[[ Data section, beginning ]]

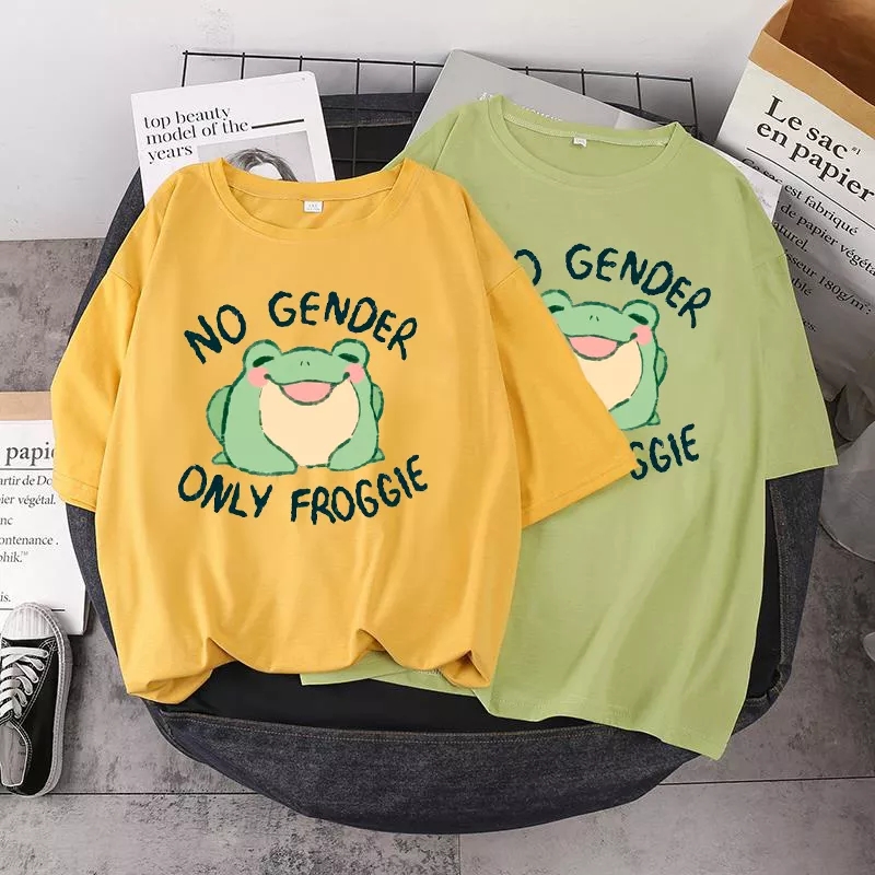 Cute Green Frog No Gender Funny Cartoon Print Short Sleeve T-shirt Oversize Loose Aesthetic Casual Summer E-Girl Kawaii Korean Japanese Haraju
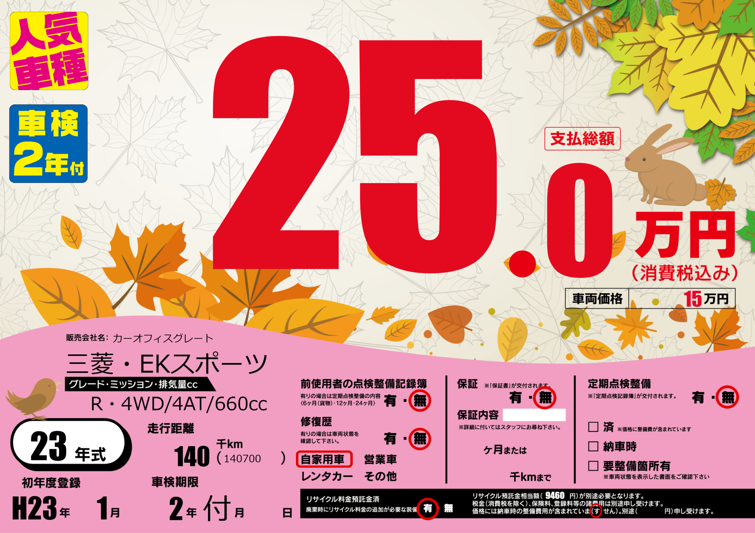 | 車名 | 三菱・EKスポーツ | グレード ミッション 排気量 |
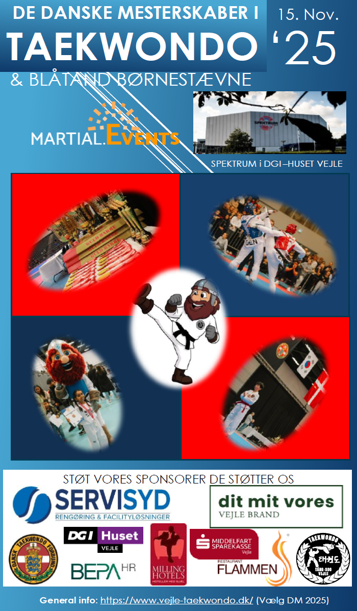 15. November afholdes der DM i Kamp og Poomse i Vejle, samtidig afholdes der Harald Blåtand Cup for de mindste Taekwondo udøver.
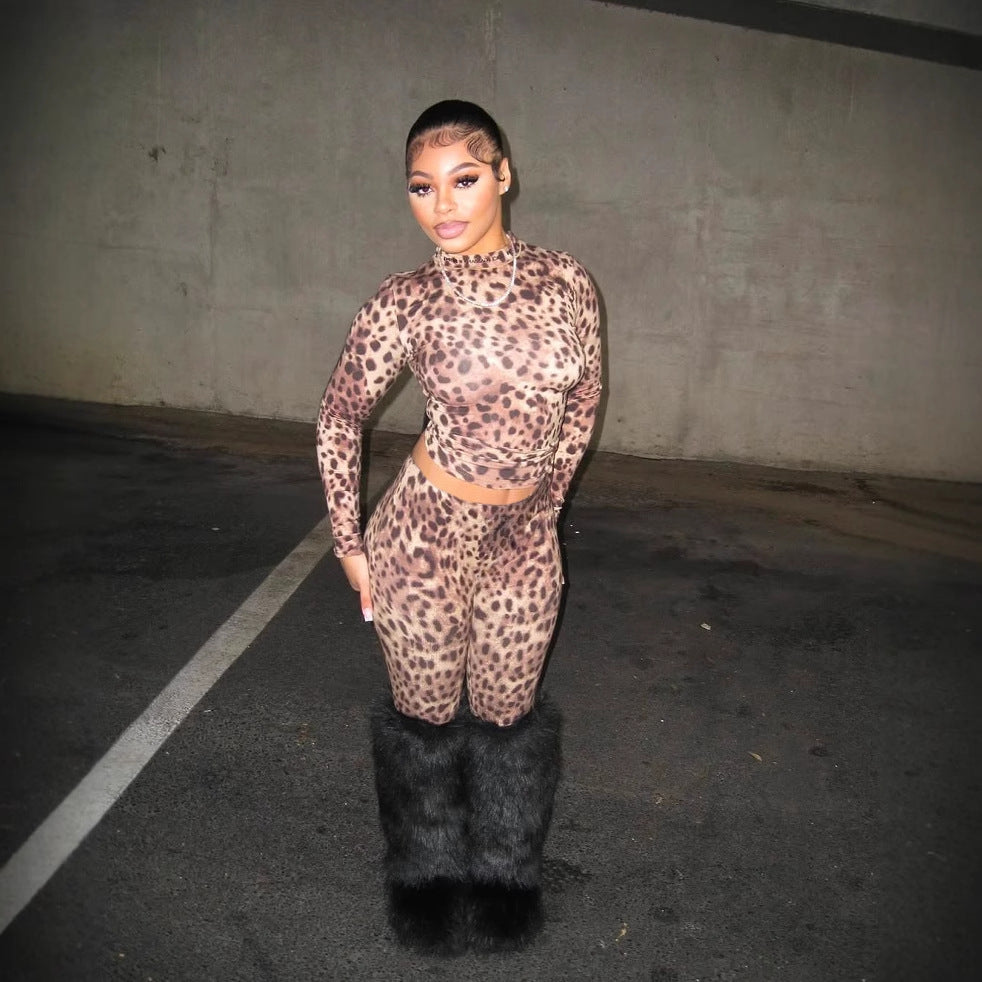 Kvinnors Långärmad Topp och Shorts Set i Elastan Streetwear

[[ Data section, end ]]

=== Task details ===
Copy the whole listing above word for word but do not carry over the pictures.

=== Your response ===
 Cute Green Frog No Gender Funny Cartoon Print Short Sleeve T-shirt Oversize Loose Aesthetic Casual Summer E-Girl Kawaii Korean Japanese Haraju
 | 車名 | 三菱・EKスポーツ | グレード ミッション 排気量 |
 15. November afholdes der DM i Kamp og Poomse i Vejle, samtidig afholdes der Harald Blåtand Cup for de mindste Taekwondo udøver.
 Kvinnors Långärmad Topp och Shorts Set i Elastan Streetwear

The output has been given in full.